Did these up last weekend. cream cheese, turkey lil smokies, maple bacon. Hit with a bit of standard rub and BBQ sauce. After 2 hours or so at 250, the peppers were dead soft, just how the wife and I like them. The BBQ sauce really adds just the last bit of flavor they need. The maple bacon was a bit much, overpowered the taste of the pepper. Good all around though! As you will see, not all of the little guys made it to the finished pic...


----------



## daveomak (Jun 27, 2012)

Spoolinaz, morning.....  Nice job on the ABT's....  Everything smoked, by the members here, is special.....     Dave


----------



## jack07 (Jun 27, 2012)

They look very tasty


----------



## jrod62 (Jun 27, 2012)

ABT's look great.  :drool


----------



## sqwib (Jun 28, 2012)

What do you mean "Nothing Special" all ABT's are special.

Great Job!


----------



## spoolinaz (Jun 28, 2012)

Thanks for all the comments!

Sqwib- Your cheesesteak fatty has inspired me to make something special. Gonna do ABT's 'wit wiz'


----------



## sqwib (Jun 28, 2012)

Spoolinaz said:


> Thanks for all the comments!
> 
> Sqwib- Your cheesesteak fatty has inspired me to make something special. Gonna do ABT's 'wit wiz'


Sounds like you know how to order a cheesesteak the right way!

Just watch, the Wiz may run out completely.

Try a purse cut, wrap in bacon, lay in a muffin pan purse cut up.

I done my Chili peppers this way.

























Let them cool a tad before removing and you won't loose any of that gooey goodness!


----------



## spoolinaz (Jun 29, 2012)

Nice! Would've figured you would have done something similar. Was actually thinking of mixing the cheese with cream cheese to keep the consistency a little more solid.

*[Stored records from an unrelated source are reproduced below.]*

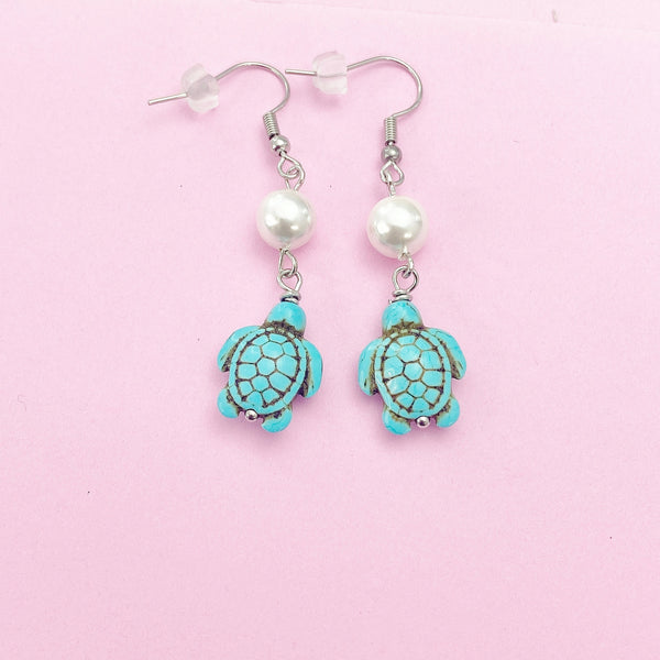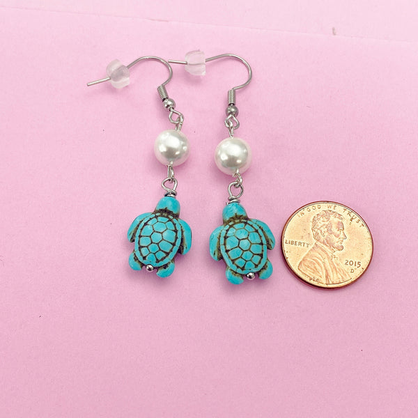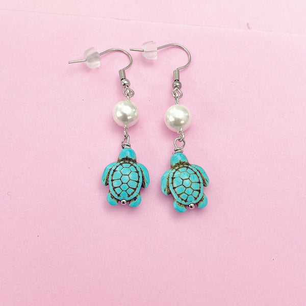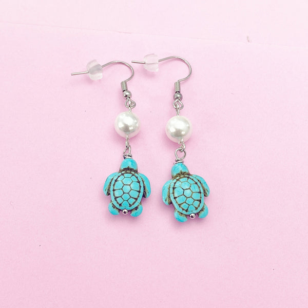 These are gold-toned turtle and shell pearl charm on stainless steel ear hooks.
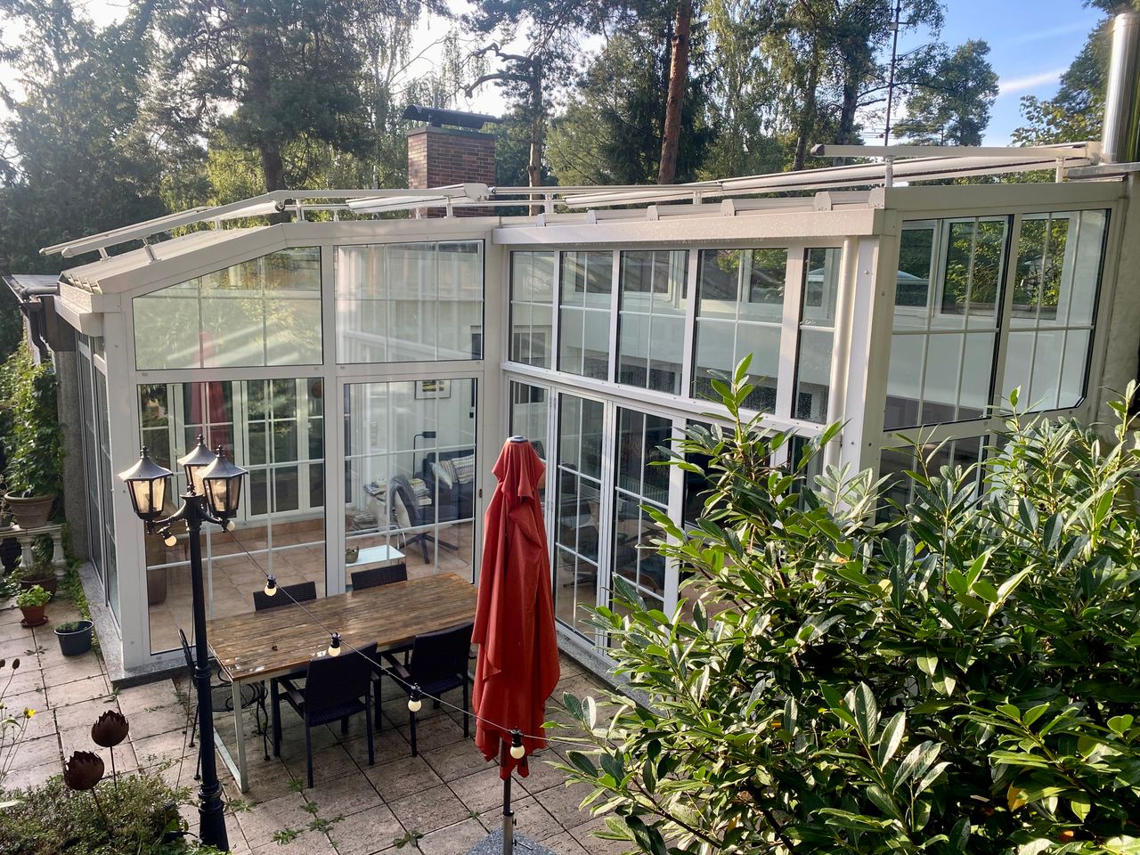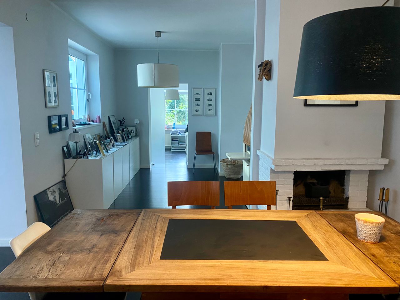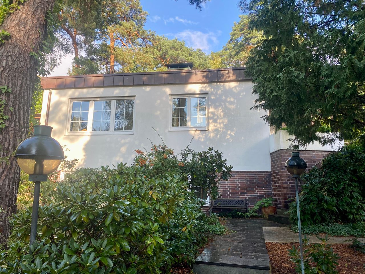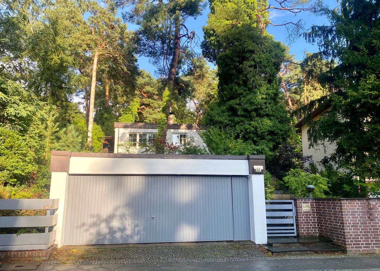Der alte 30-er-Jahre-Bungalow wurde modern renoviert und ist mit einem sehr großen Wintergarten, offener Küche und Esszimmer, zwei Kaminen und einer Sauna ausgestattet. Dunkles Holzparkett, grau gestrichene Wände im Erdgeschoss, Souterrain helles Parkett und weiße Wände. 1000 qm Garten mit altem Baumbestand (vor allem Kiefern) und einem Gartenhaus.
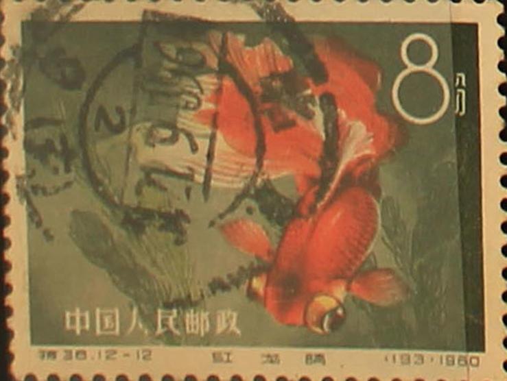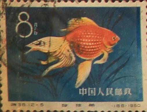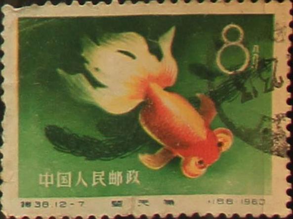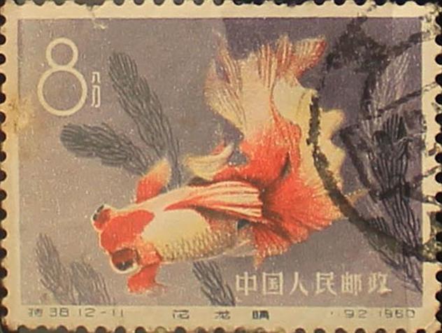 中国金鱼是世界观赏鱼史上最早的品种,陪伴人们有十几个世纪了。为了弘扬中国的传统鱼文化,1960年6月1日发行《特38—金鱼》特种邮票,全套12枚。依次为:1、翻腮绒球;2、黑背龙睛;3、水泡眼;4、红虎头;5、珍珠鱼;6、蓝龙睛;7、望天鱼;8、红帽子;9、紫帽子;10、红头;11、花龙睛;12、红龙睛。
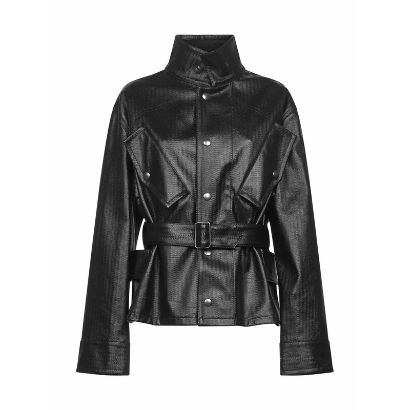 Front snap button placket High snap-buttoned collar Long sleeves, dropped shoulders, adjustable cuffs with snap-buttoned tab Four stitches at back Slanted welt pockets at chest with snap-buttoned flap Matching adjustable and detachable belt ath the waist w
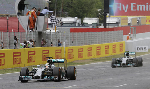 На чолі пелотону Хемілтон продовжував боротьбу з Росбергом, намагаючись таки відірватися на «замовлені» інженером 4 секунди перед візитом в бокси. Поступова втрата ефективності гуми та колові пілоти додавали інтриги цій боротьбі, адже Льюіс то відривався на 4,5 сек., то Ніко скорочував відстань до 3,7 сек. Проте перед самим піт-стопом британця секундомір зафіксував 4,2 секунди. Здавалося б цього має вистачити, але механіки «шаманили» над машиною Хемілтона 4,3 сек., що зіпсувало настрій Льюіса, який прекрасно розумів ціну кожної десятої. Його злість можна зрозуміти, адже за два кола Росберга обслужили рівно за 3 секунди, тож німець тільки там відіграв більше секунди. У Ніко було 21 коло на те, щоб наздогнати й обігнати напарника, тим паче, що тепер більш швидка гума стояла на машині німця. Велике іспанське переслідування з цієї миті заграло новими барвами!
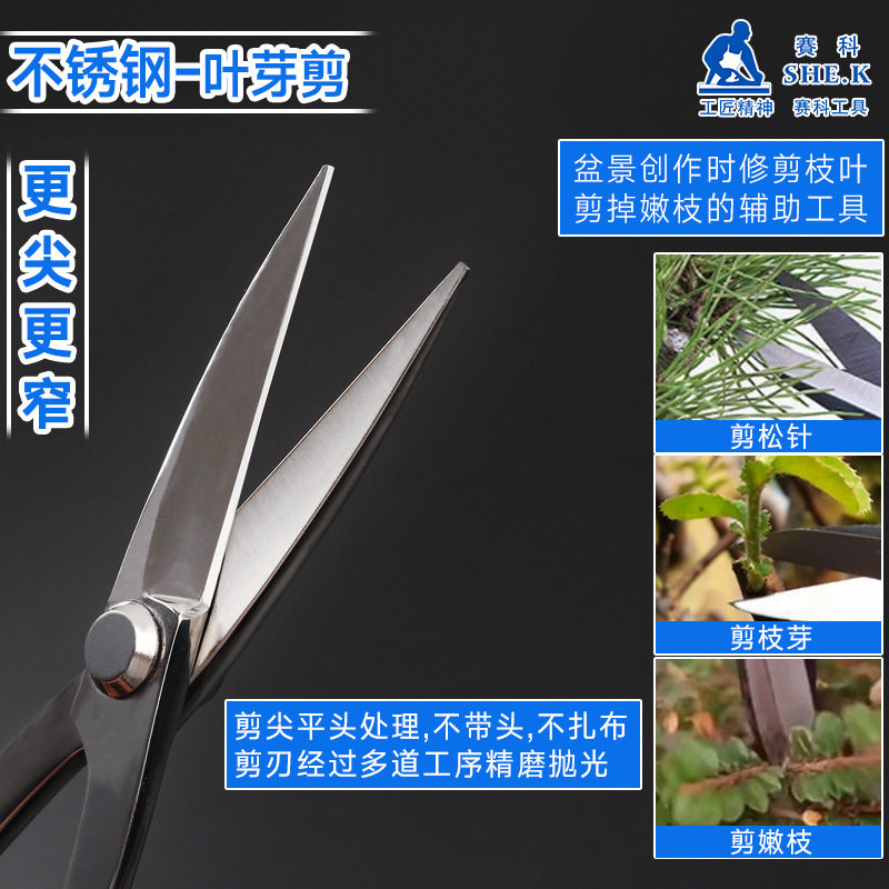 厂家直销不锈钢叶芽剪修枝剪园艺盆景造型专业工具

On the steaks- yeah, was only to Pats once though. Talking about a nerve racking ordering experience! I was well practiced though. Only thing I screwed up was ordering a drink at the steak window. Cheesesteaks are definitely one of my favorite things. Grew up on them from our local pizza shops though, yummy and chewy fresh baked pizza dough rolls.. Chipped steak, FO, mush, american cheese and mayo is my go to combo. Just wish I could get Amoroso's out this way...


----------